Scalar Field Theory on Non-commutative Snyder Space-Time

TL;DR

This paper develops a scalar field theory on Snyder non-commutative space-time, addressing non-associativity issues and providing explicit first-order corrections, thus advancing the understanding of quantum geometry and field interactions.

Contribution

It introduces a realization-based approach to construct a consistent scalar field theory on Snyder space-time, overcoming non-associativity challenges and explicitly computing correction terms.

Findings

Constructed a co-algebraic framework for Snyder geometry.

Defined a self-interacting scalar field theory on Snyder space.
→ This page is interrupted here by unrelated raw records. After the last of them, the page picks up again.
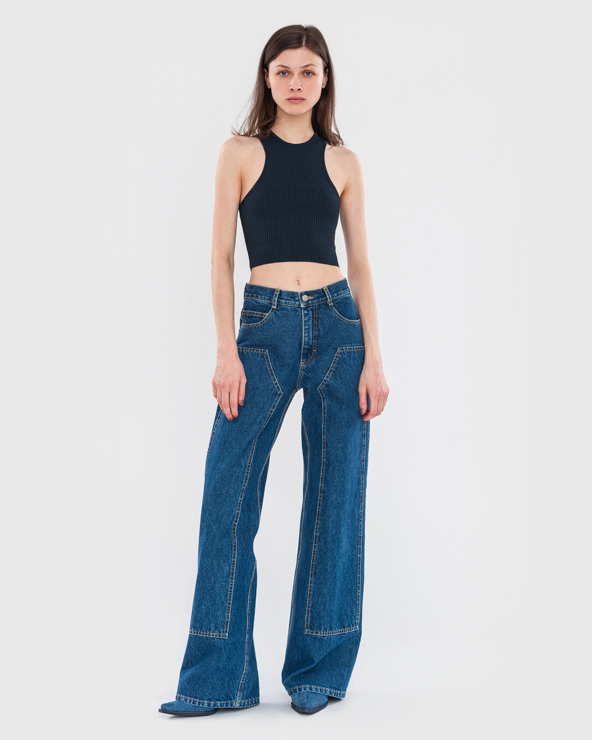 - Wide-leg straight jeans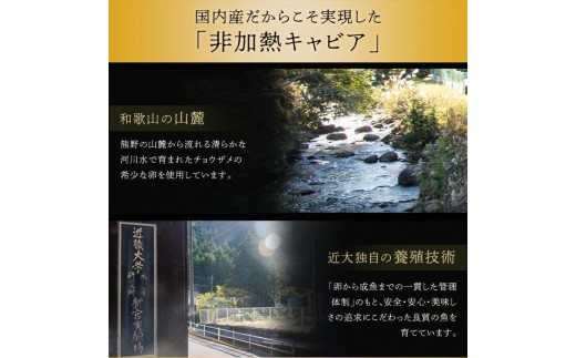 【発送時期】順次発送(予定) 【賞味期限】加工日より364日(要冷凍(-18℃以下)) 近畿大学独自の養殖技術と和歌山の清流が作り出した「近大キャビア」は国内生産により実現した「非加熱キャビア」です。 一切の加熱処理を行わずに「マイナス40℃の凍結処理」を経て冷凍保管を行っているため、お召し上がりの際にはタンパク質が硬化せずに魚卵らしい非常にクリーミーな味わいを感じることができます。また、キャビア本来の香りもしっかりと感じていただけます。 チョウザメの卵と岩塩のみで加工し、無着色です。一般的なキャビアに比べて塩分が控えめなため、キャビア本来の風味を楽しんでいただけます。 ☆プレミア和歌山(優良県産品推奨制度)認定品です。 ◆おすすめの食べ方 バゲットやクラッカーに無塩バターを添えたカナッペや、スパークリングワインにもよく合います。 ◆おすすめの用途 特別な日のお食事やギフトなど。 ---- 水産養殖のパイオニアである近畿大学水産研究所の研究成果である「近大キャビア」です。 高級食材として有名なカスピ海産のキャビアが採れるチョウザメは、乱獲が進み絶滅が危惧されている状態です。持続可能な食糧の確保という観点でも、養殖キャビアは注目されている産業分野です。今後も、近大キャビアを「日本のキャビア」として多くの方に親しんでいただけように、価格・味・安全性・さまざまな面で皆様に選んでいただきやすいキャビアを目指しています。 ◆保存方法 要冷凍(-18℃以下) 解凍・開封されましたら、再冷凍はせず、その日のうちにお召し上がりください。 【こちらは和歌山県により優れた県内産品として、プレミア和歌山に認定されている白浜町の返礼品です】 平成31年総務省告示第179号第5条第8号ロ「都道府県が当該都道府県の区域内の複数の市区町村と連携し、当該連携する市区町村の区域内において前各号のいずれかに該当するものを当該都道府県及び当該市区町村の共通の返礼品等とするもの」に該当する返礼品として出品しているものです。 【製造場所】 和歌山県新宮市高田1330 学校法人近畿大学水産研究所新宮実験場 事業者 :アーマリン近大 連絡先 :0739-42-4116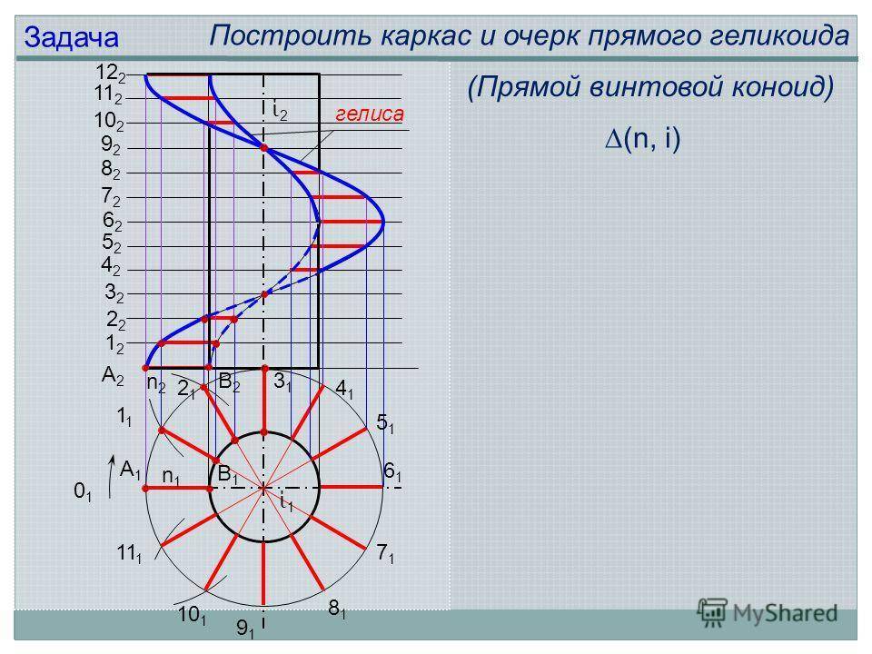 | Коноид | 2 направляющие: · откровенная | 1. Особенный случай цилиндроида. 2. Прямой коноид имеет направляющую прямолинейную, расположеную под прямым углом к области параллелизма. | Гидротехническое строительство, на конструкторском уровне опор мостов |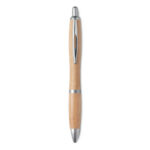 Push button ball pen with bamboo barrel and ABS fittings. Blue ink. Bamboo is a natural product, there may be slight variations in colour and size per item, which can affect the final decoration outcome.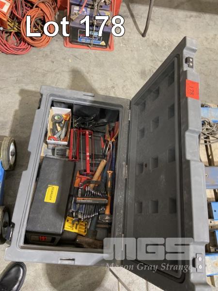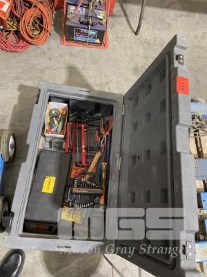 PLASTIC TOOL BOX 900 x 500mm & TOOLS SPANNERS, S/D SET, SLEDGE HAMMERS PLIERS, BIT SET & MORE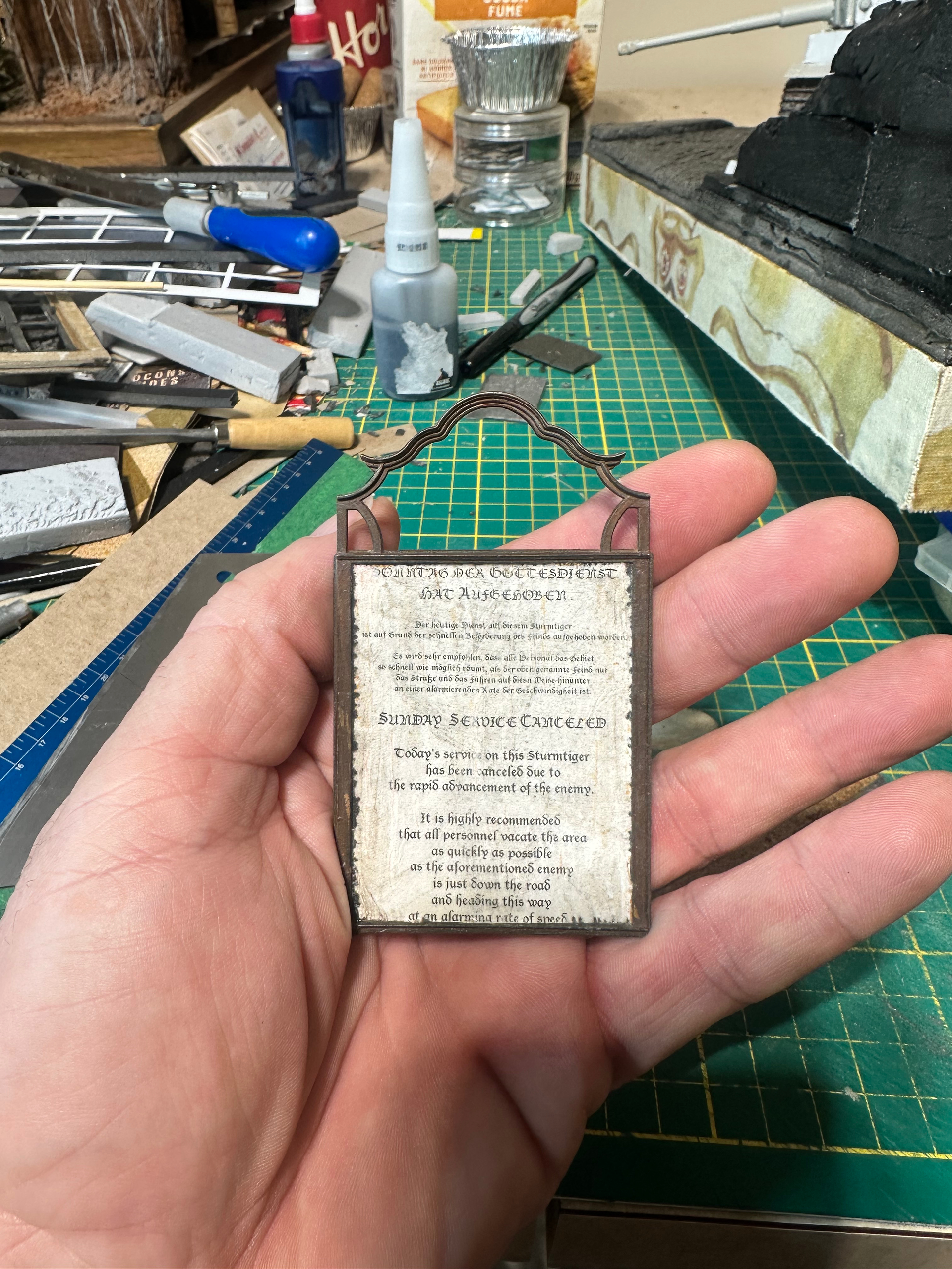 One more before bed. The sign that would normally stand outside the church, perhaps with the coming sermon title and the pastor’s name; or the churches name and address and service times. Now, well at one time before I removed it to take this pic, it resides underneath the Panther that has busted through the gate to the property; and describes the diorama to the keen eyed perusers of the scene.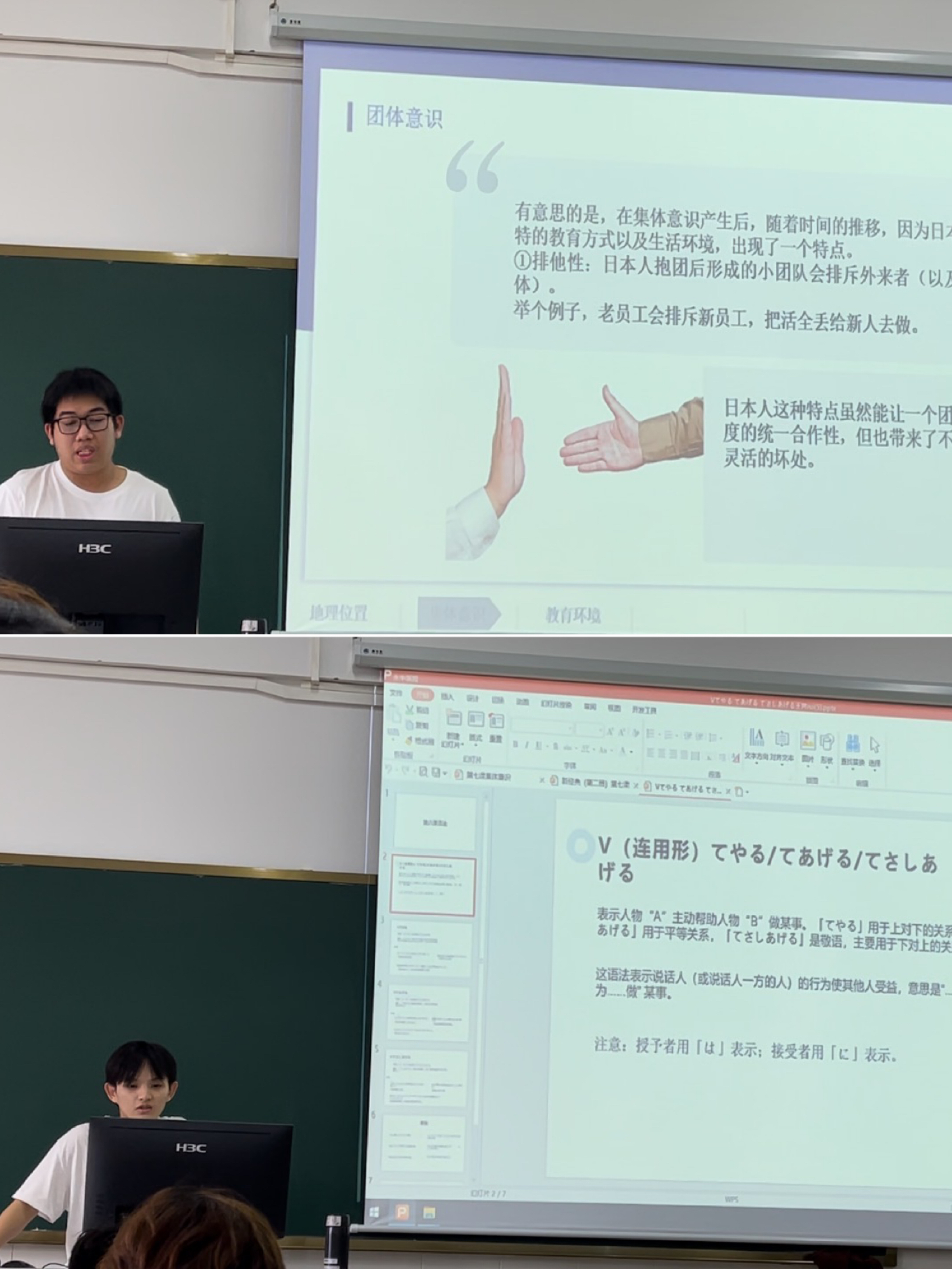 李婉瑛老师的课为基础日语课,围绕课文题目“協力”(合作),用集体主义导课,引导学生发散性思维,王路凯与大家共同探讨从地理位置的角度,展现日本人产生集体意识的背景原因,教学设计层层递进,激发学生思考,引导和发展学生的合作意识。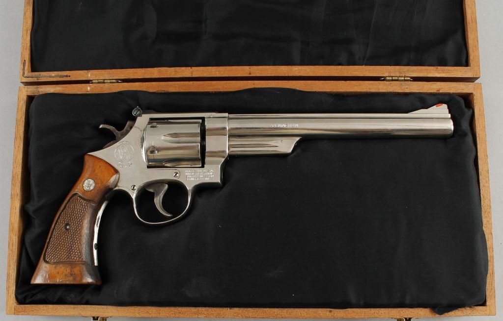 Smith & Wesson Mdl 29-2 Cal .44mag SN:N751673Double action revolver with 8 3/8" barrel, nickel finish with checkered wood grips with medallion, adjustable rear sight with red insert front sight, good bore and action. Includes padded wood display box.Condition: Finish is good and grips are well worn.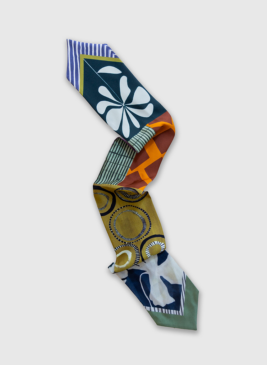 Twilly in seta stampata double face 11×85 cm, utilizzabile al collo oppure come fusciacca per pantaloni e gonne.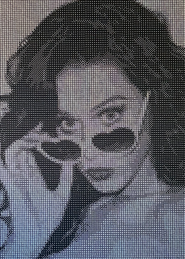Als basis kies ik een onderwerp of foto met voldoende contrast en details. Deze foto wordt bijgesneden tot het juiste formaat, omgezet in zwart wit en in pixels.

Computed first-order correction terms in the Lagrangian.

Abstract

We construct a scalar field theory on the Snyder non-commutative space-time. The symmetry underlying the Snyder geometry is deformed at the co-algebraic level only, while its Poincar\'e algebra is undeformed. The Lorentz sector is undeformed at both algebraic and co-algebraic level, but the co-product for momenta (defining the star-product) is non-co-associative. The Snyder-deformed Poincar\'e group is described by a non-co-associative Hopf algebra. The definition of the interacting theory in terms of a non-associative star-product is thus questionable. We avoid the non-associativity by the use of a space-time picture based on the concept of realization of a non-commutative geometry. The two main results we obtain are: (i) the generic (namely for any realization) construction of the co-algebraic sector underlying the Snyder geometry and (ii) the definition of a non-ambiguous self interacting scalar field theory on this space-time. The first order correction terms of the corresponding Lagrangian are explicitly computed. The possibility to derive Noether charges for the Snyder space-time is also discussed.